After the system is done booting, vfs.zfs.prefetch_disable is set to 1.  Am I correct in thinking that this means prefetching is disabled?  If so, is it due to the small amount of RAM reserved for the onboard video?  Is it something that I should be concerned about or address to obtain better performance/more stable operation?  Should I override it in /boot/loader.conf and force prefetching?  Would getting a standalone video card or bumping the RAM to 6 or 8 gig be a better option?  The system has regular PCI slots, one PCI-X slot, and a PCI-e x4 port.  I can find PCI video cards for sale, but no PCI-X or PCIe x4 video cards.



I believe I'm ready to start building the software I need to use this system as my desktop - X, KDE, etc.  I remember reading many years ago when I initially built our mail server that there are config files you can put flags into that will automatically tell the compiler to optimize the binaries produced for your specific system.  However, I did not bookmark the pages and don't remember specifics.  Does anybody know what I'm talking about?  If so, could you recommend any sites with more information on the subject?  It's not critical, but if there's something simple on a software-level that I can do to squeeze more performance out of the system, I'm more than happy to do it.


----------



## wblock@ (Jan 14, 2011)

Ruler2112 said:
			
		

> How does one get the power to go off on the machine when executing the halt command?  Currently I get a message saying press any key to reboot.  The only way to power down at this point is to hold the power button down for 4 seconds; simply pressing it once doesn't do anything.

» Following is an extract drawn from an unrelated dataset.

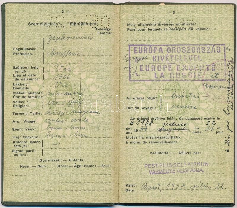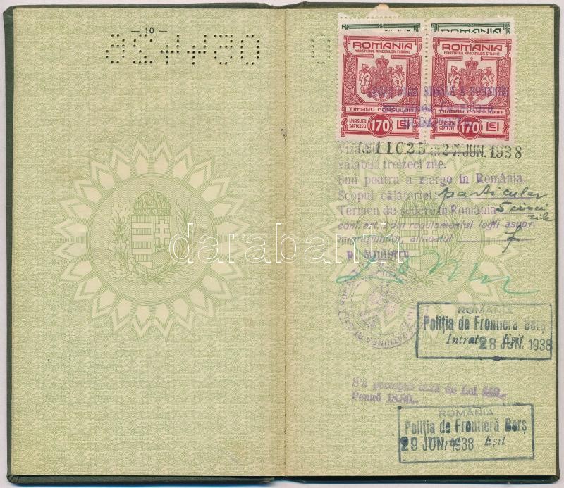 1938 Keményfedeles útlevél / Hungarian passport https://www.darabanth.com/hu/320-Gyorsarveres/320.0/Festmeny-mutargy-papirregiseg-egyeb/Okmanyok~500017/1938-Kemenyfedeles-utlevel-Hungarian-passport~II1768283
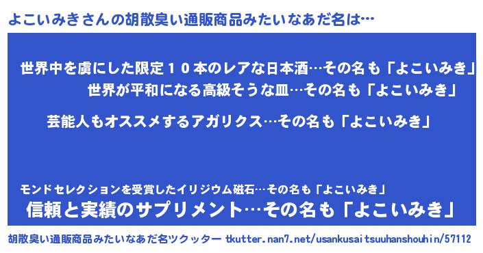 | 意味不明あだ名 | 『自称よこいみき』 |

shutdown(8) is used for that on FreeBSD:
`# shutdown -p now`



> Delete works like backspace and deletes the character before the one that the cursor is on.  I've used FreeBSD on several servers before and have just ignored this quirk - relatively easy to do since I don't have to operate on the console much.  With this new machine being my primary system, I want to fix it because I can see it'll be a continual annoyance.  I have an old standard 101-key IBM clicky-style keyboard that works 100% otherwise.  How would one go about making the delete key behave like it does in every other OS and delete the character the cursor is on?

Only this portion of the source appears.